I have a web solution (in VS2010) with two sub-projects:

  1. Domain which holds the Model classes (mapped to database tables via Entity Framework) and Services which (besides other stuff) are responsible for CRUD operations

  2. WebUI which references the Domain project

For the first pages I've created I have used the Model classes from the Domain project directly as Model in my strongly typed Views because the classes were small and I wanted to display and modify all properties.

Now I have a page which should only work with a small part of all properties of the corresponding Domain Model. I retrieve those properties by using a projection of the query result in my Service class. But I need to project into a type - and here come my questions about the solutions I can think of:

  1. I introduce ViewModels which live in the WebUI project and expose IQueryables and the EF data context from the service to the WebUI project.
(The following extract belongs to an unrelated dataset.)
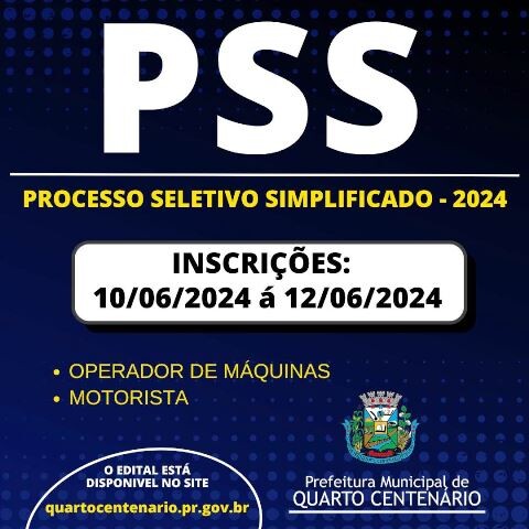 A Prefeitura de Quarto Centenário anunciou a abertura das inscrições para o processo seletivo simplificado destinado à contratação de cinco motoristas e dois operadores de máquina. As inscrições começam nesta segunda-feira, 10, e se encerram na quarta-feira, 12.

Then I could directly project into those ViewModels.

  2. If I don't want to expose IQueryables and the EF data context I put the ViewModel classes in the Domain project, then I can return the ViewModels directly as result of the queries and projections from the Service classes.
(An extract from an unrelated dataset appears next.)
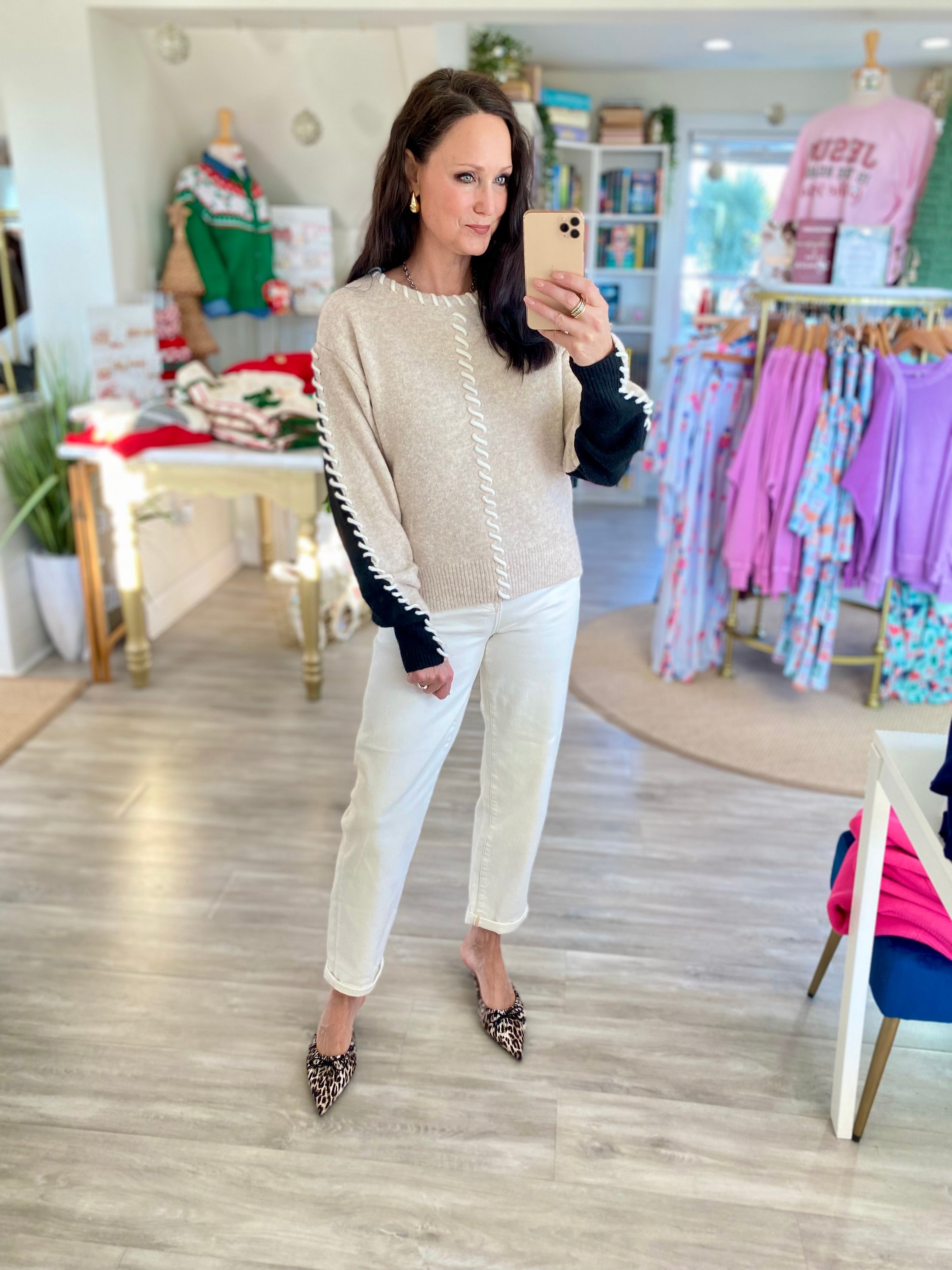 Perfect with denim, white jeans, or faux leather pants. Comfy for every day, cute enough for a lunch date or casual holiday gathering.

  3. In addition to the ViewModels in the WebUI project I introduce Data transfer objects which move the data from the queries in the Service classes to the ViewModels.

Solution 1 and 2 look like the same amount of work and I am inclined to prefer solution 2 to keep all the database concerns in a separate project. But somehow it sounds wrong to have View-Models in the Domain project.

Solution 3 sounds like a lot more work since I have more classes to create and to care about the Model-DTO-ViewModel mapping. I also don't understand what would be the difference between the DTOs and the ViewModels. Aren't the ViewModels exactly the collection of the selected properties of my Model class which I want to display? Wouldn't they contain the same members as the DTOs? Why would I want to differentiate between ViewModels and DTO?

Which of these three solutions is preferable and what are the benefits and downsides? Are there other options?

Thank you for feedback in advance!

Edit (because I had perhaps a too long wall of text and have been asked for code)

Example: I have a Customer Entity ...

public class Customer
{
    public int ID { get; set; }
    public string Name { get; set; }
    public City { get; set; }
    // ... and many more properties
}

... and want to create a View which only shows (and perhaps allows to edit) the Name of customers in a list. In a Service class I extract the data I need for the View via a projection:

public class CustomerService
{
    public List<SomeClass1> GetCustomerNameList()
    {
        using (var dbContext = new MyDbContext())
        {
            return dbContext.Customers
                .Select(c => new SomeClass1
                             {
                                 ID = c.ID,
                                 Name = c.Name
                             })
                .ToList();
        }
    }
}

Then there is a CustomerController with an action method. How should this look like?

Either this way (a) ...

public ActionResult Index()
{
    List<SomeClass1> list = _service.GetCustomerNameList();
    return View(list);
}

... or better this way (b):

public ActionResult Index()
{
    List<SomeClass1> list = _service.GetCustomerNameList();

    List<SomeClass2> newList = CreateNewList(list);

    return View(newList);
}

With respect to option 3 above I'd say: SomeClass1 (lives in Domain project) is a DTO and SomeClass2 (lives in WebUI project) is a ViewModel.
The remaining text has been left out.